Proof. Write out the expression for \(W(t)\). The term \(\prodz t{T} (1-\al(t))W^0(t)\to 0\). The other terms: square and use Chebyshev.

Theorem. 1, 2, 3, 6 imply that \(x(t)\) is bounded.

Proof. We have \(\max |F_i(x)|\le \ga \max(\max_j (|x_j|,G_0))\).
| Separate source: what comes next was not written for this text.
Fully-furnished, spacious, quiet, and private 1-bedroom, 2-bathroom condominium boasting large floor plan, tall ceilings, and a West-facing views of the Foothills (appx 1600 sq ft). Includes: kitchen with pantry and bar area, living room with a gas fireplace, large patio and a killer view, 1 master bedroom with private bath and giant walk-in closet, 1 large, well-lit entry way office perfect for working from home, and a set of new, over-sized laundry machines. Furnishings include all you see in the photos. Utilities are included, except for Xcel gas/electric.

Look at the relative fluctuations (wrt the nearest power of \(G_0\)). As \(M(t)=\max_{\tau\le t}\ve{x(\tau)}_\iy\) gets big it gets more and more difficult for the relative fluctuations (actually, relative to the next smaller \(G\ga^{-k}\), for technical reasons) to be big. To argue this, apply lemma to normalized \(\wt w_i(t) = \fc{w_i(t)}{G(t)}\) to show the fluctuations after \(t_0\) are go to 0 as \(t_0\to \iy\). (Define \(\wt W(t_0;t_0)=0\) and define \(\wt W(t;t_0)\) with the recurrence but with \(\wt w_i(t)\).) Now \(\wt W_i(t;t_0)\) small means that \(x_i(t+1)\) can’t “overcome” the \(\ga\) contraction factor.
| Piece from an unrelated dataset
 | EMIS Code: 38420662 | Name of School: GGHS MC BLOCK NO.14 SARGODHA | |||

Adding in assumption 5: Now show that \(\ve{x(t)}_{\iy}\le D_k\) implies that \(\ve{x(t)}_{\iy}\le D_{k+1} := \be (1+2\ep)D_k\) at some later \(r\). Proof is similar, except we establish contraction instead of just non-expansion. When bounding \(x_i(t+1)\) use assumption 5.
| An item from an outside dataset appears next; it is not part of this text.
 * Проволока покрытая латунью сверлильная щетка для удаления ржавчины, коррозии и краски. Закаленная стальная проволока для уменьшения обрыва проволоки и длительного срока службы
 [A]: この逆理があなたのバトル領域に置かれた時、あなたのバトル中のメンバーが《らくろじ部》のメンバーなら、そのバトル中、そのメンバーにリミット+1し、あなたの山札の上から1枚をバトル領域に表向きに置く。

Question: what is the convergence rate? (Exercise!) Based on the analysis (proceeding by a geometric sequence), it’s probably linear.

Convergence of Q-learning

\(c_{iu}\) is cost of \(u\) at state \(i\).

Here

\[\begin{align} T_i(V) &= \min_{u\in U(i)} \ba{\E[c_{iu}] + \be\sum_{j\in S} p_{ij}(u)V_j}\\ F_{iu} (Q) & = \E c_{iu} + \be \sum_{j\in S} p_{ij}(u) \min_{v\in U(j)} Q_{jv}\\ W_{iu}(t) &= c_{iu} - \E c_{iu} + \min_{v\in U(s(i,u))} Q_{s(i,u),v}(t) - \E[\min_{v\in U(s,(i,u))} Q_{s(i,u),v}(t) | \mathcal F(t)] \end{align}\]

(Note that implicitly \(\min_{v...}Q... = \sum_{j\in S} p_{ij}(u) \min_{v\in U(j)}Q_{jv}\).)

(Skip: discounted policies.)

(cf. stochastic gradient descent?)